**Exercise**
For this exercise, retype the lines from the one that holds "台湾の伝統的な行事の一つで、" through the one that holds "COS DE BAHA" in the records below, both included, exactly and without pictures.

**Data listing**
↓

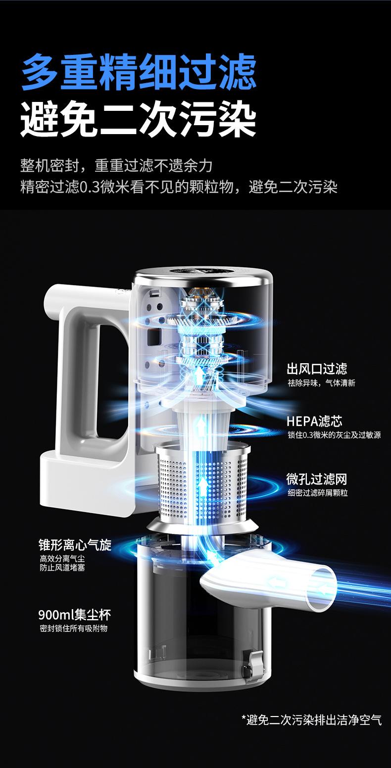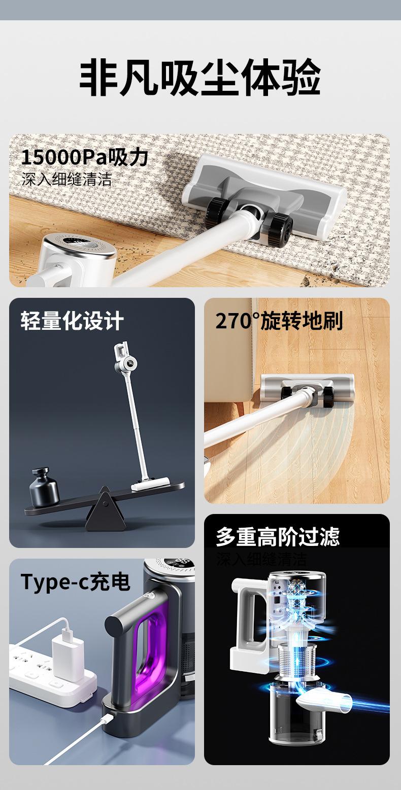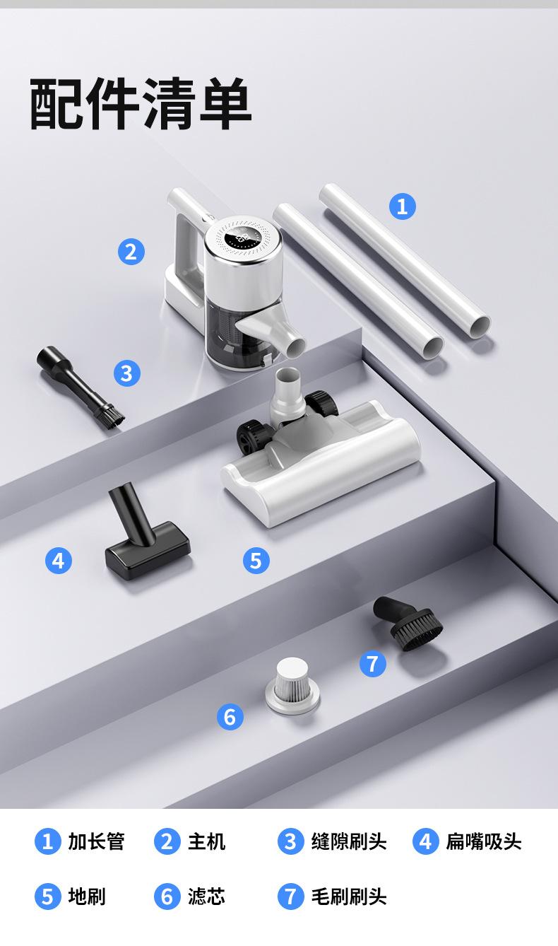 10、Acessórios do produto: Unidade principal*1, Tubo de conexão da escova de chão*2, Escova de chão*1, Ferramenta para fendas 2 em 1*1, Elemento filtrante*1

↑
↓

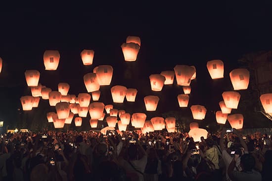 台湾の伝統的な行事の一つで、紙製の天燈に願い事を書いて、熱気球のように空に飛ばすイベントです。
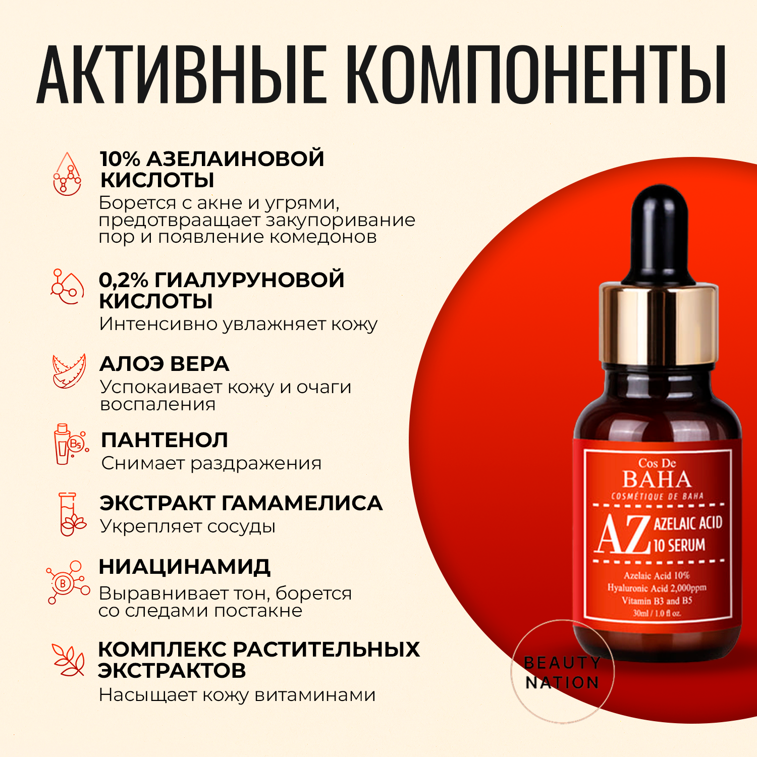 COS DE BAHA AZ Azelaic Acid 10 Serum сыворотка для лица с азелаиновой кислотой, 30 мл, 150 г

↑

**Result of the exercise**
 台湾の伝統的な行事の一つで、紙製の天燈に願い事を書いて、熱気球のように空に飛ばすイベントです。
 COS DE BAHA AZ Azelaic Acid 10 Serum сыворотка для лица с азелаиновой кислотой, 30 мл, 150 г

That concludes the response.